I guess we could do that, but we would (IMO) needlessly change the rules we set up with Nashorn in JDK8. I think that making Java number primitives equivalent to JS numbers is actually a nice feature. Unfortunately it doesn't really work for longs because JS happens to use double as its only number type, but I don't think that means we should throw out the idea as a whole.

Also, an important point here is that we can't really safely distinguish between primitive number types and object wrappers in Nashorn. A java.lang.Short or java.lang.Float may just be a primitive that happens to be handled in an object context.

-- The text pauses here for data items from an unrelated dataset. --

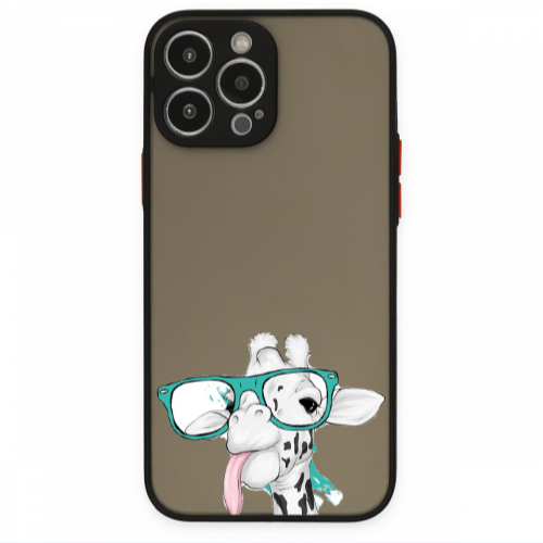 Apple iPhone 13 Pro Şımarık Zürafa Siyah Hux Telefon Kılıfı
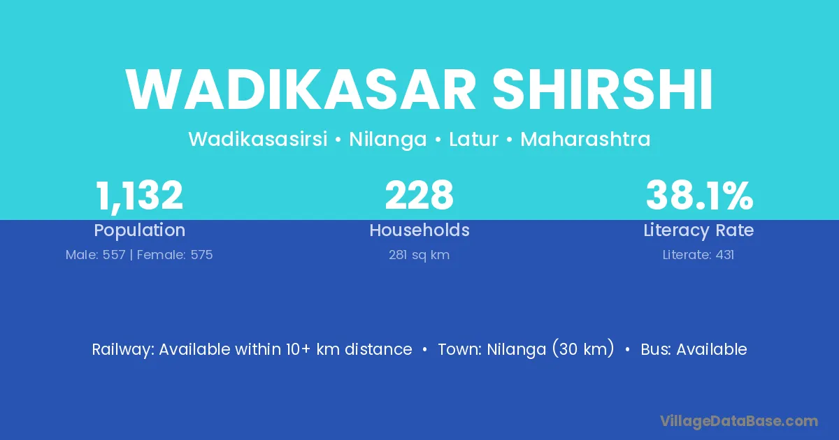 Nilanga (30 km) is the nearest town to Wadikasar Shirshi village for major economic activities and is located approximately 30 km away.
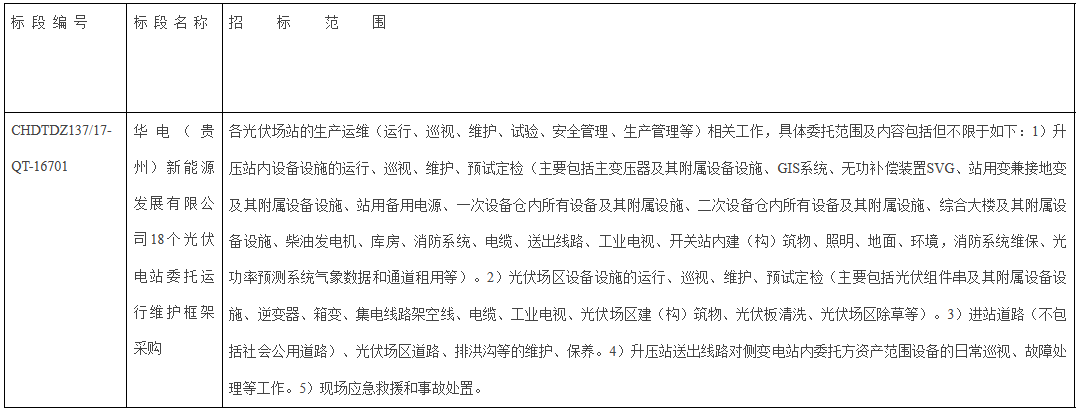 备注:1. 本次为框架招标,中标人取得华电(贵州》新能源发展有限公司18个光伏电站委托运行维护项目框架采购入围供应商资格。
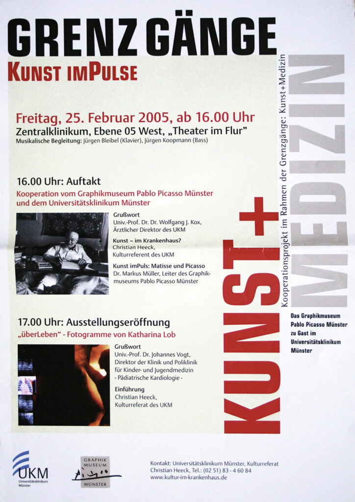 Meine erste große Ausstellung, in der ich Fotogramme mit meinen Röntgenbildern zeigte, war 2005 in Münster in der Uniklinik, in der ich Jahrzehnte vorher als Kind am Herzen operiert worden war.
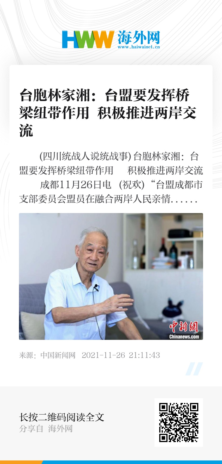 (四川统战人说统战事)台胞林家湘:台盟要发挥桥梁纽带作用 积极推进两岸交流
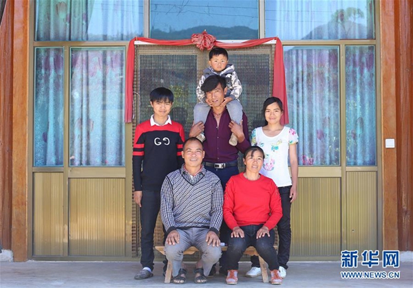 云南省施甸縣由旺鎮(zhèn)楊家社區(qū)村民蔣朋玉(前排左)一家的“全家福”(2月8日攝)。新華社發(fā)(楊董清 攝)
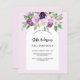 Un arrière - plan rose vif et un cadre en arc blanc. Décoré de violet, de violet et de rose, de fleurs et de verdure. Personnalisez et ajoutez votre nom et les détails de votre fête. 1 feuille = 1 invite imprimé bord à bord.
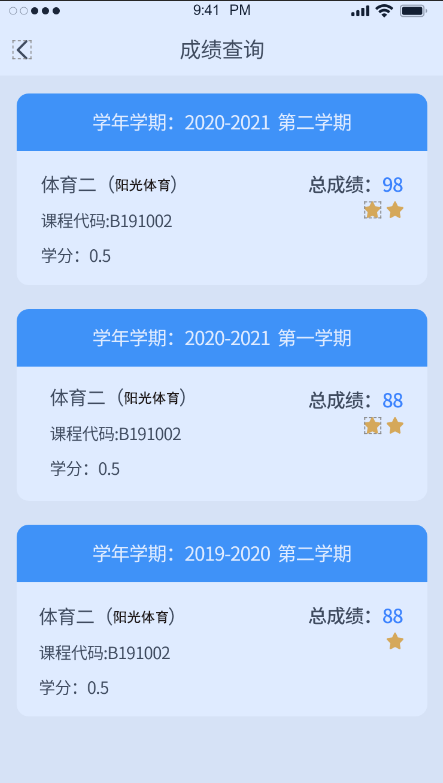 7、我的成绩:学期末课外锻炼截至日后即可在云运动APP查询课外锻炼成绩。在云运动APP首页有个“我的成绩”按钮 点击进入即可查询到该学期的成绩以及往年的课外锻炼成绩如图以下:
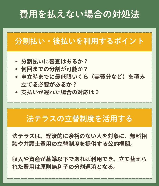 「返済を止めても、弁護士費用や裁判所費用を積み立てる余裕がない」という場合でも、いくつか対処法があります。

Actually, I can take this train of thought in an even more drastic direction. 
Consider this: we would be at liberty to internally box numbers any way we want 
and not rely on java.lang.Double and friends at all! It’s just convenient to 
box JS primitive number values (and booleans, BTW) using readily available 
java.lang.* boxes, but we could have a NashornNumber and NashornBoolean classes 
for internal boxing of JS primitive numbers and booleans, when they need to be 
boxed. Then we could even allow ourselves to not recognize any Java primitive 
wrapper objects as special cases of JS primitive values at all. The thought is 
actually not so far fetched in the sense that we already have ConsString too, 
an alternative internal string representation that is not a java.lang.String. 
We’d just have to take care that such NashornNumber boxes are handled in all 
places where ConsString is handled and converted into a Double when passing 
from Nashorn to outside world.

That would provide a 100% consistent way of handling wrapper classes: they’re 
all just POJOs at that point, no special treatment whatsoever.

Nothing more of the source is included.